WHAT YOU NEED TO DO: What is needed is an exact copy of every line from the one containing "This component was" through the end of the entries; please set it down without any pictures.

[[ STUDY MATERIAL, beginning ]]

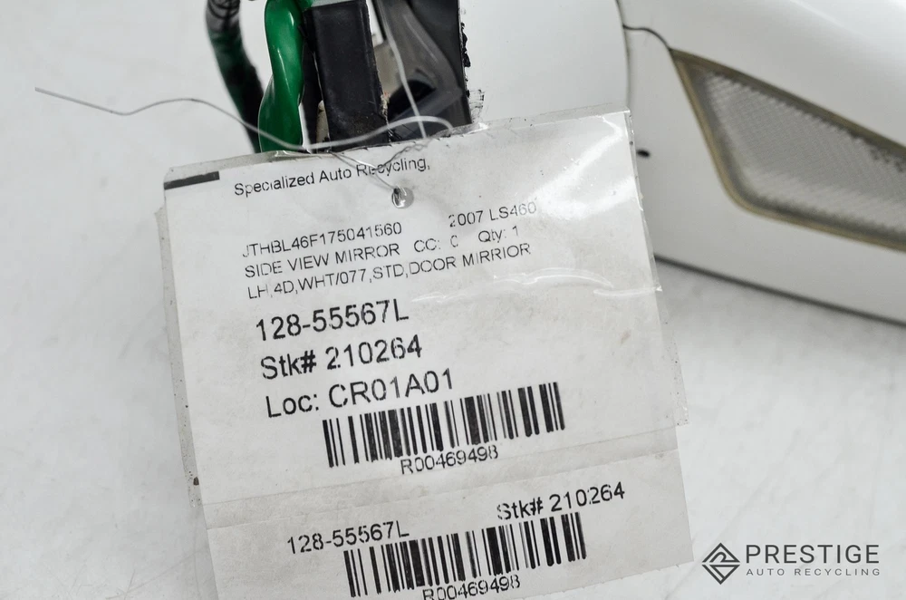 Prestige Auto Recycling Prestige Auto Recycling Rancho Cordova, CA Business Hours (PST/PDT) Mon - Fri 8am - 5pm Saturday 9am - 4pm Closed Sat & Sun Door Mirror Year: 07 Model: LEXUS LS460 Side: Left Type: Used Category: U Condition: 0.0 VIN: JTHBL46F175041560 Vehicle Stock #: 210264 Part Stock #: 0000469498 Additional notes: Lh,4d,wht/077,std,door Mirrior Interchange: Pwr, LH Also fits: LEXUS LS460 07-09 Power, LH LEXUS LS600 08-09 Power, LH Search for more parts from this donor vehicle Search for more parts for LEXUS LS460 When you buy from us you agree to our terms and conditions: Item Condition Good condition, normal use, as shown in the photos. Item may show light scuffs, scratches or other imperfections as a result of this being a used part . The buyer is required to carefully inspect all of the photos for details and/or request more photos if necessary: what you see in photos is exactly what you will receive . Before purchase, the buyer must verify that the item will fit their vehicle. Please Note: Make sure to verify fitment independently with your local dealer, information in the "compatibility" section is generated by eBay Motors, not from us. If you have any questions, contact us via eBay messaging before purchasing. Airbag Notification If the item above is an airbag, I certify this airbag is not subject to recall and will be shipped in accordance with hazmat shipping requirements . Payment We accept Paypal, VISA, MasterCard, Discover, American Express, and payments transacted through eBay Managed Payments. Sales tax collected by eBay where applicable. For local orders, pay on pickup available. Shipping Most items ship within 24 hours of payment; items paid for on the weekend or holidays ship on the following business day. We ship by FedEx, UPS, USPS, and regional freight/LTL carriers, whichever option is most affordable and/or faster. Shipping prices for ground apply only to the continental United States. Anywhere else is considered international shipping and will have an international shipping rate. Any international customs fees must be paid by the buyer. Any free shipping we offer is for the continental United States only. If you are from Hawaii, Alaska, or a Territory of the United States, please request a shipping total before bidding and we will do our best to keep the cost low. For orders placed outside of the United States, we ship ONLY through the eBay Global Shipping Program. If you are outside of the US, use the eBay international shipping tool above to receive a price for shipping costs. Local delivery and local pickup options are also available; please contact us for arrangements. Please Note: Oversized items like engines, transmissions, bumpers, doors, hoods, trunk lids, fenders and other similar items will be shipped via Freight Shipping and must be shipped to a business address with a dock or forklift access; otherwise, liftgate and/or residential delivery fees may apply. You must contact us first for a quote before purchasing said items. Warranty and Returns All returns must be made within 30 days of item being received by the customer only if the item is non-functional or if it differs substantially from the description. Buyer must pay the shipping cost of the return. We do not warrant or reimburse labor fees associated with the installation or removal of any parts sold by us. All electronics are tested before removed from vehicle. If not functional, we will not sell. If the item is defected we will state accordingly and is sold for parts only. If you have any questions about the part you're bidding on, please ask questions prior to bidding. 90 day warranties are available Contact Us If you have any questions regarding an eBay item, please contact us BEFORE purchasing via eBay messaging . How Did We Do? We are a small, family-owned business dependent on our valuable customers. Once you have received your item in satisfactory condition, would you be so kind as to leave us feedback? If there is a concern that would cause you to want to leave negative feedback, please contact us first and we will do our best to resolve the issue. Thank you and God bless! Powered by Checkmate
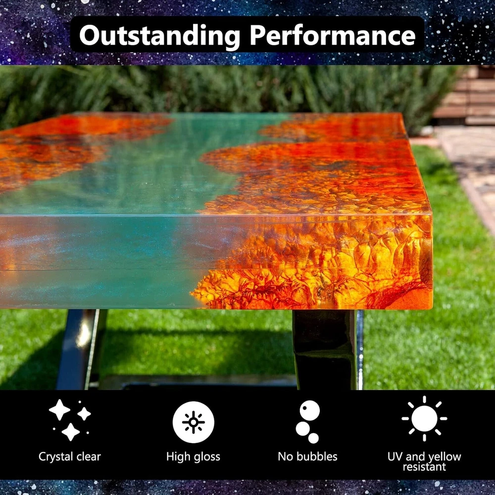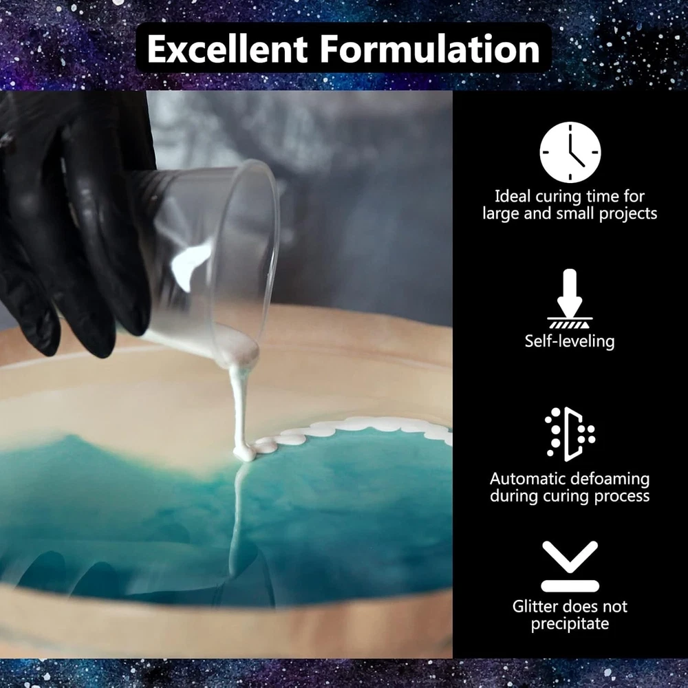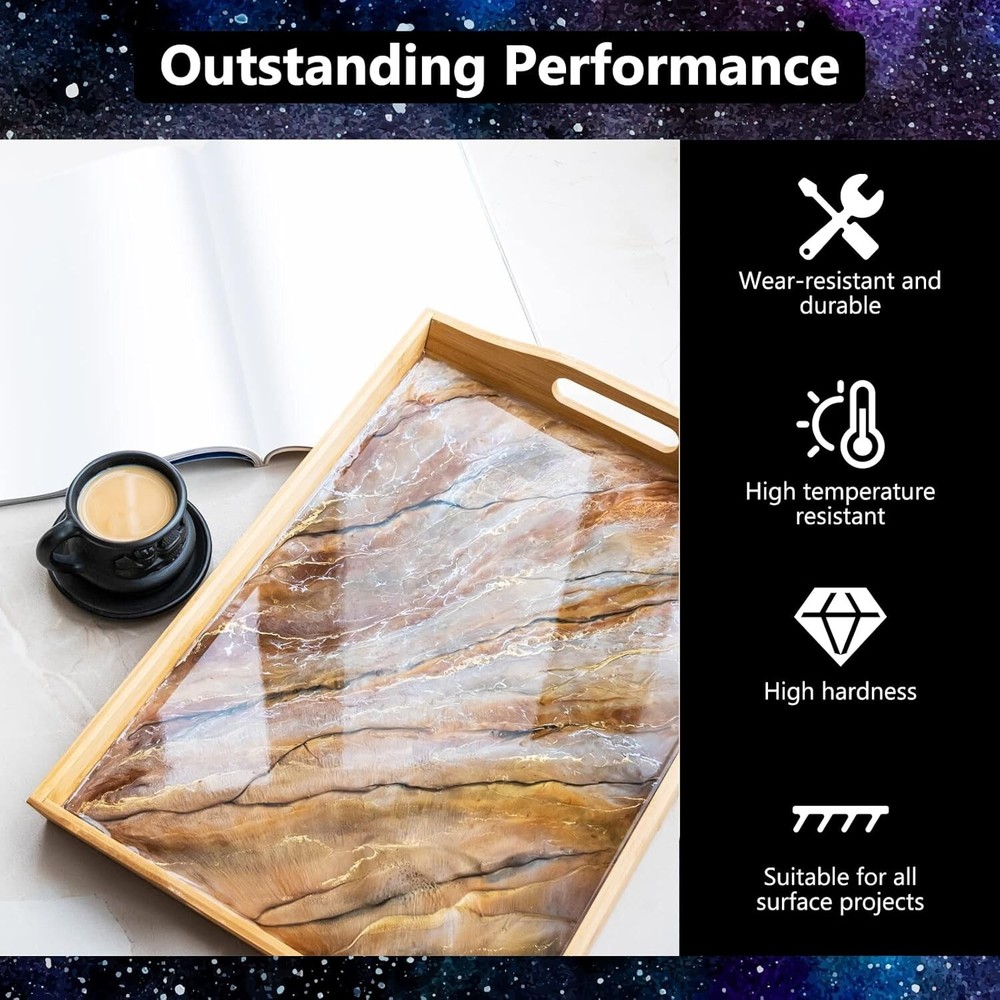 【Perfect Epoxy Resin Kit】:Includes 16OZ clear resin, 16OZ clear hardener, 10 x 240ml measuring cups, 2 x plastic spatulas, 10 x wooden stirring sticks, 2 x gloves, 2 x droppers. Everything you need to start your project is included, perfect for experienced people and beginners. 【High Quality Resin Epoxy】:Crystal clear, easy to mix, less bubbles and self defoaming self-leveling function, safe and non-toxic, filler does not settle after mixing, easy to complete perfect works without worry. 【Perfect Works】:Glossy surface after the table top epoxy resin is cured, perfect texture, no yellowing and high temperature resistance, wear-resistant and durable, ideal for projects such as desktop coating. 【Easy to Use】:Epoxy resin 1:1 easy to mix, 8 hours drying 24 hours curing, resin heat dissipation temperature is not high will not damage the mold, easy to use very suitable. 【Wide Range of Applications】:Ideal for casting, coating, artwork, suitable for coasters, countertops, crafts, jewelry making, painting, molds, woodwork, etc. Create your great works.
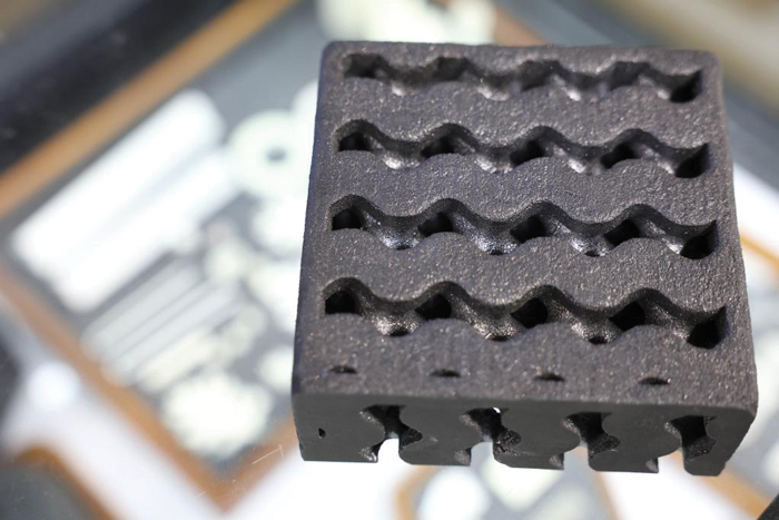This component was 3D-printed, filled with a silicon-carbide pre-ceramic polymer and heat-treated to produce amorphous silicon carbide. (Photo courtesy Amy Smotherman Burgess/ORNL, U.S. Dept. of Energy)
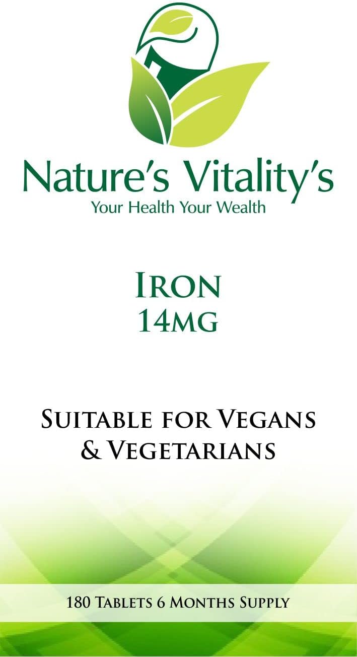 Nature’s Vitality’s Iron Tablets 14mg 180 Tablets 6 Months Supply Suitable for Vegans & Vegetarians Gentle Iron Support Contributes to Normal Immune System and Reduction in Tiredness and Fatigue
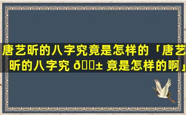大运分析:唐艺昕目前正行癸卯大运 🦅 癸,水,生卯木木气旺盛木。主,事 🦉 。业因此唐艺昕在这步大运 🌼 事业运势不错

[[ STUDY MATERIAL, end ]]

REPLY TO THE EXERCISE:
This component was 3D-printed, filled with a silicon-carbide pre-ceramic polymer and heat-treated to produce amorphous silicon carbide. (Photo courtesy Amy Smotherman Burgess/ORNL, U.S. Dept. of Energy)
 Nature’s Vitality’s Iron Tablets 14mg 180 Tablets 6 Months Supply Suitable for Vegans & Vegetarians Gentle Iron Support Contributes to Normal Immune System and Reduction in Tiredness and Fatigue
大运分析:唐艺昕目前正行癸卯大运 🦅 癸,水,生卯木木气旺盛木。主,事 🦉 。业因此唐艺昕在这步大运 🌼 事业运势不错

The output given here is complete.